Source material -
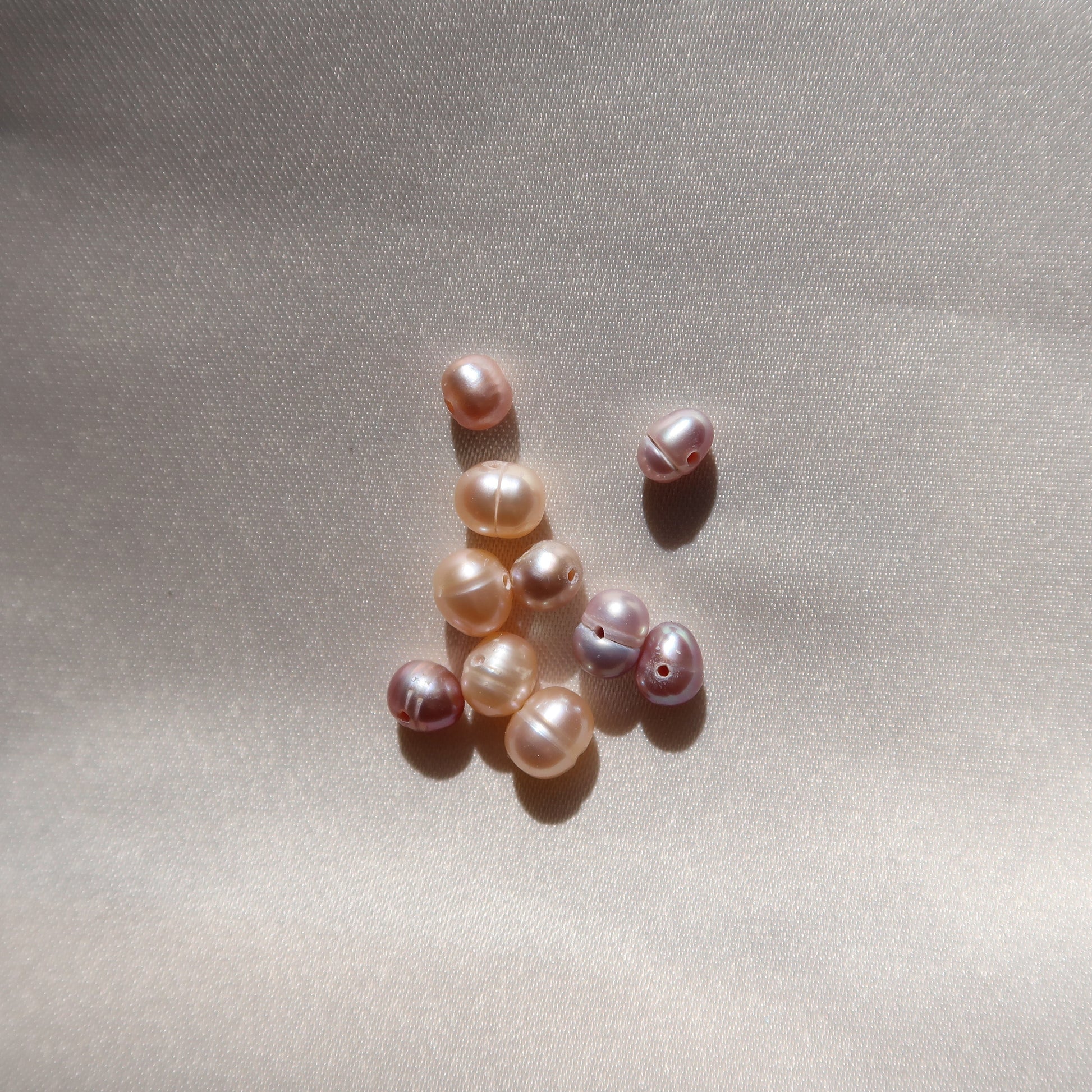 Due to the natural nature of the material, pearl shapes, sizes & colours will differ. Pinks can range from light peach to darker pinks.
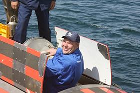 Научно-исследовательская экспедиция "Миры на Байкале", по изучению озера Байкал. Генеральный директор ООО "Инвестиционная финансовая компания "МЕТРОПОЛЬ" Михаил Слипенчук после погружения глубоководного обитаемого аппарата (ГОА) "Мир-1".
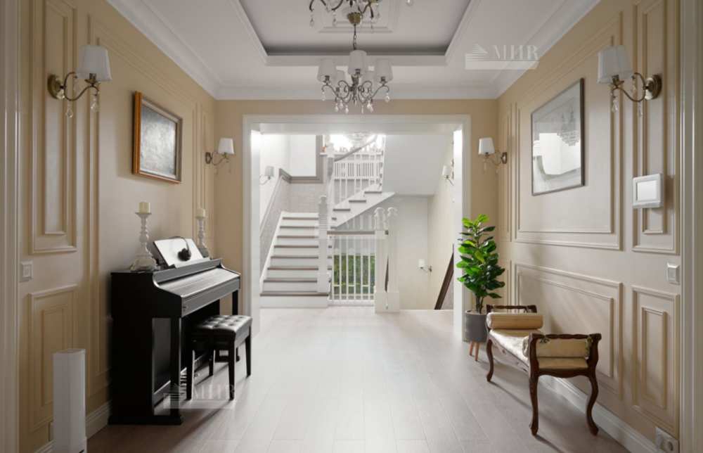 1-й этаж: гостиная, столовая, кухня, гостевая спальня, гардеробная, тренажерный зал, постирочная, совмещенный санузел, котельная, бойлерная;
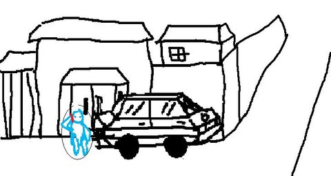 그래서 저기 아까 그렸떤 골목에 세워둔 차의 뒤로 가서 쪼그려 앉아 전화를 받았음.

Your assignment - Please restate the material above line by line, exactly, beginning at its first line and ending with the line that contains "1-й этаж: гостиная, столовая, кухня, гостевая", without any pictures.

Answer box -
 Due to the natural nature of the material, pearl shapes, sizes & colours will differ. Pinks can range from light peach to darker pinks.
 Научно-исследовательская экспедиция "Миры на Байкале", по изучению озера Байкал. Генеральный директор ООО "Инвестиционная финансовая компания "МЕТРОПОЛЬ" Михаил Слипенчук после погружения глубоководного обитаемого аппарата (ГОА) "Мир-1".
 1-й этаж: гостиная, столовая, кухня, гостевая спальня, гардеробная, тренажерный зал, постирочная, совмещенный санузел, котельная, бойлерная;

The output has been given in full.